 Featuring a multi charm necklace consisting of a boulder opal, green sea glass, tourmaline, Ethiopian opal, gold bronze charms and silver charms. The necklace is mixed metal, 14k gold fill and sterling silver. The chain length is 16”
★ ★ ★ ★ ★ ★ ★
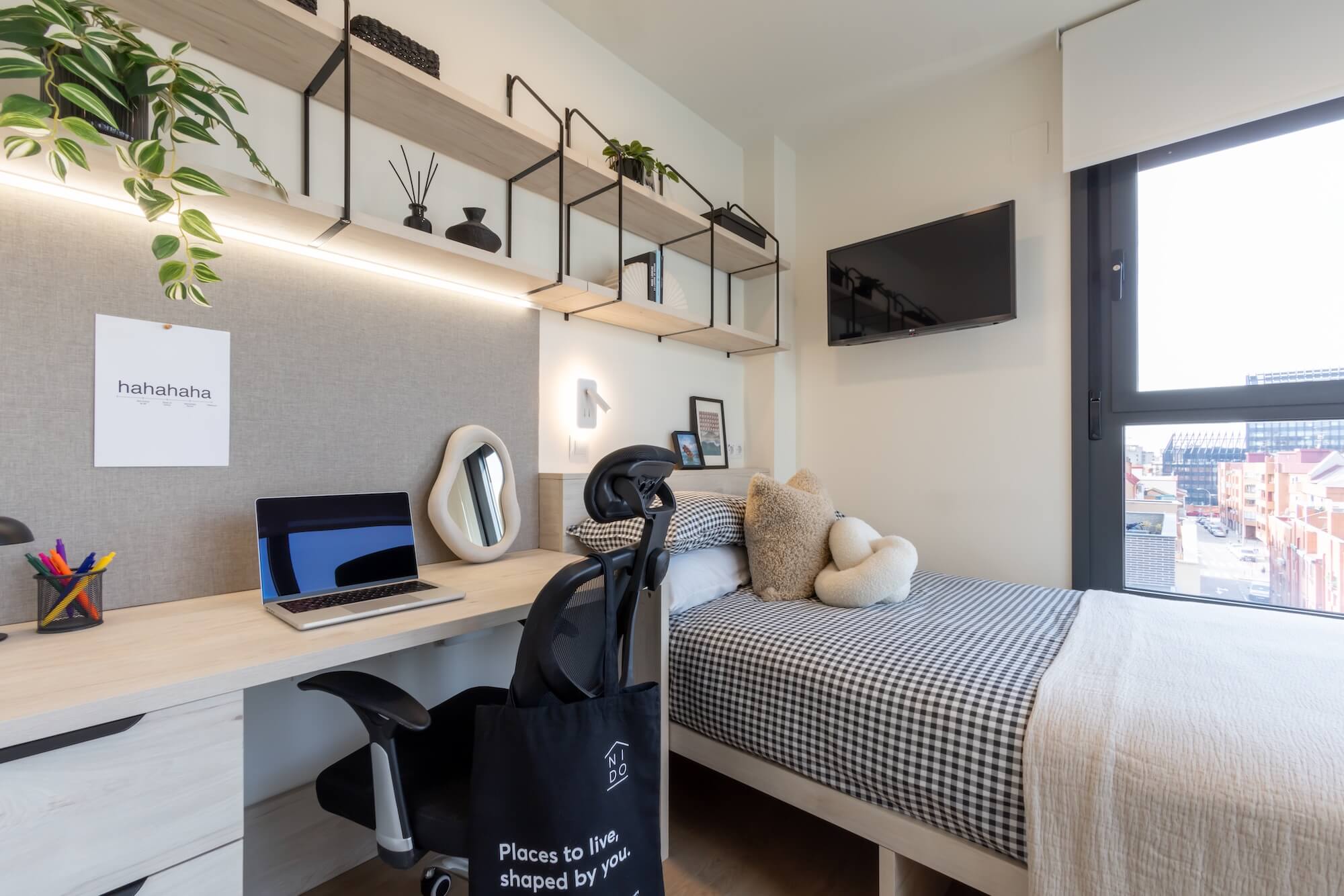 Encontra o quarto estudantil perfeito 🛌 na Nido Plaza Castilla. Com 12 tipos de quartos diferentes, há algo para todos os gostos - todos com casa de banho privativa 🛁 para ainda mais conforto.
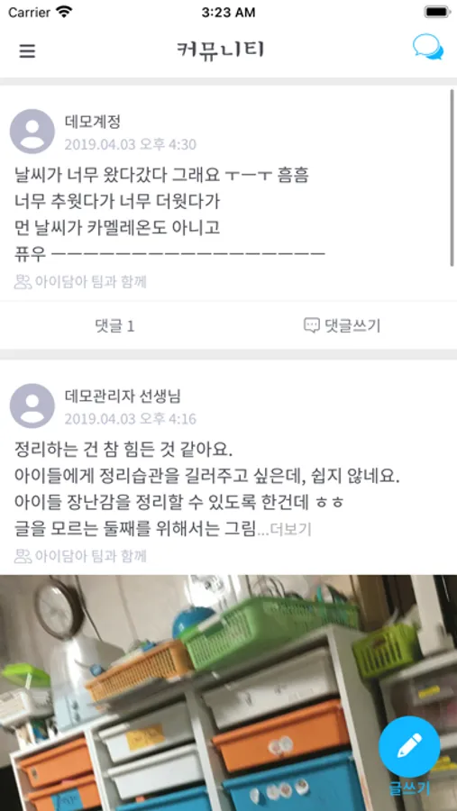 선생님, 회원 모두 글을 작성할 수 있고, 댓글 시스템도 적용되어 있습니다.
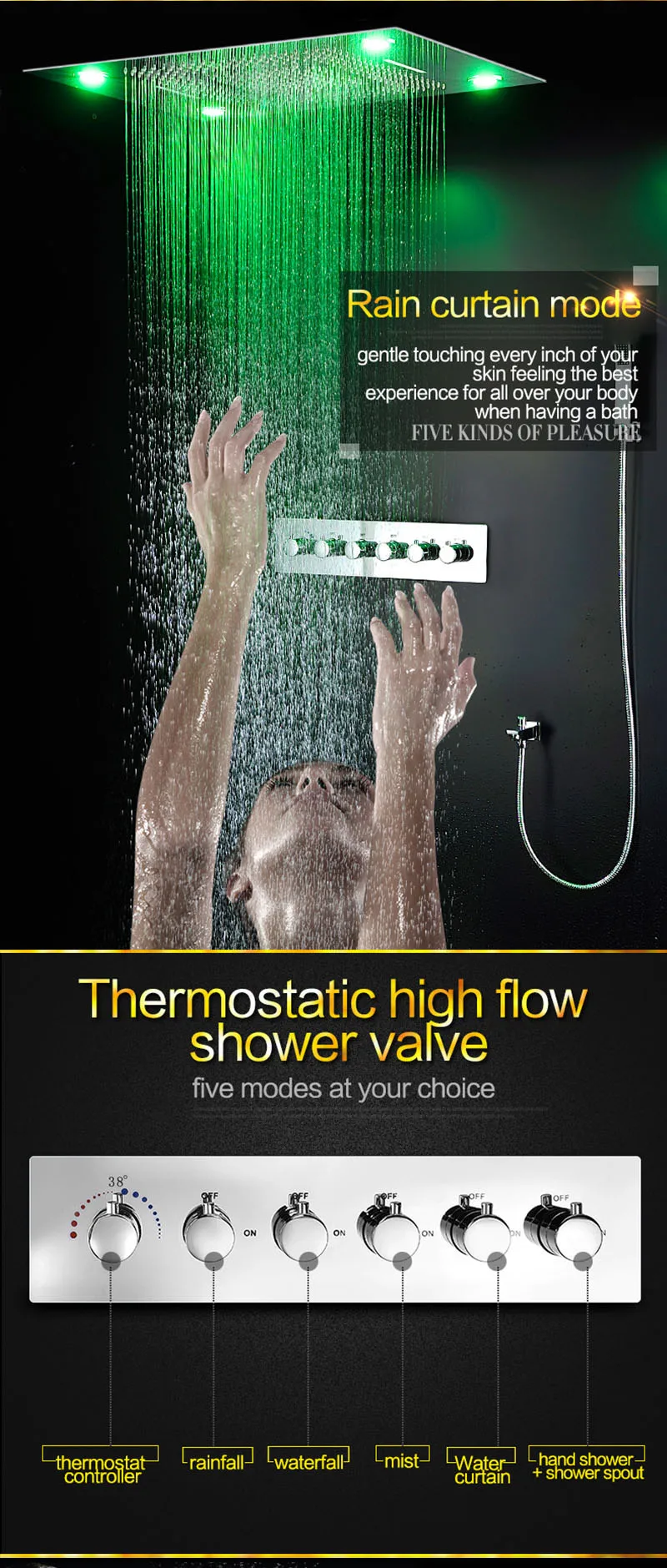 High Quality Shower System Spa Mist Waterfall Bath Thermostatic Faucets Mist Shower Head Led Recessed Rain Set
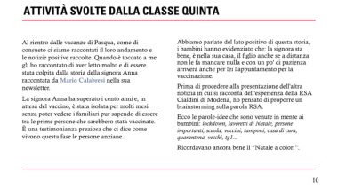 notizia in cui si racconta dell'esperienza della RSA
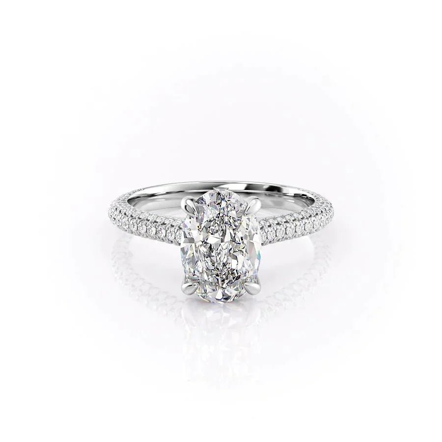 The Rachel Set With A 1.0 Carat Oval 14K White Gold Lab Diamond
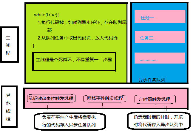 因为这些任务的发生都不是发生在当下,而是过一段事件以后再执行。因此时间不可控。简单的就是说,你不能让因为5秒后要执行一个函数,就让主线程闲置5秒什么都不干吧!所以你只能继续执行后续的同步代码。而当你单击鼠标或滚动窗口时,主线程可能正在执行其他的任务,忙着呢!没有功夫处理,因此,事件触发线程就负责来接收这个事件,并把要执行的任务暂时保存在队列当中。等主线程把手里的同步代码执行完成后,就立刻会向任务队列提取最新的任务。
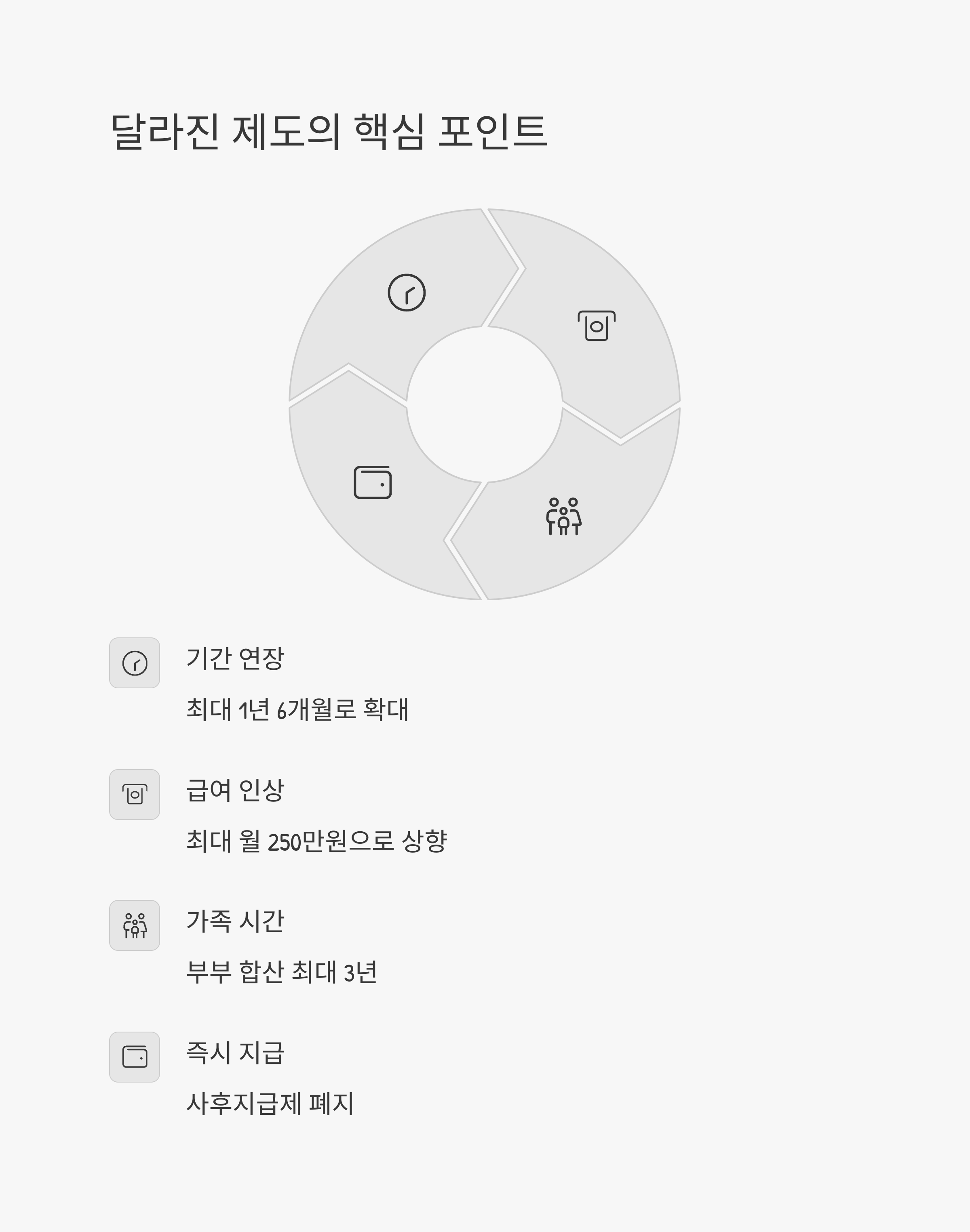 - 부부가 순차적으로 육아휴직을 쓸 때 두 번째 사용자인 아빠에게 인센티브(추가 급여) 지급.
★ ★ ★ ★ ★ ★ ★
● What the task requires: Those lines of the records above that run from the one containing "notizia in cui" through the one containing "- 부부가 순차적으로" should be returned exactly, with no pictures among them.

● The answer:
 notizia in cui si racconta dell'esperienza della RSA
 The Rachel Set With A 1.0 Carat Oval 14K White Gold Lab Diamond
 因为这些任务的发生都不是发生在当下,而是过一段事件以后再执行。因此时间不可控。简单的就是说,你不能让因为5秒后要执行一个函数,就让主线程闲置5秒什么都不干吧!所以你只能继续执行后续的同步代码。而当你单击鼠标或滚动窗口时,主线程可能正在执行其他的任务,忙着呢!没有功夫处理,因此,事件触发线程就负责来接收这个事件,并把要执行的任务暂时保存在队列当中。等主线程把手里的同步代码执行完成后,就立刻会向任务队列提取最新的任务。
 - 부부가 순차적으로 육아휴직을 쓸 때 두 번째 사용자인 아빠에게 인센티브(추가 급여) 지급.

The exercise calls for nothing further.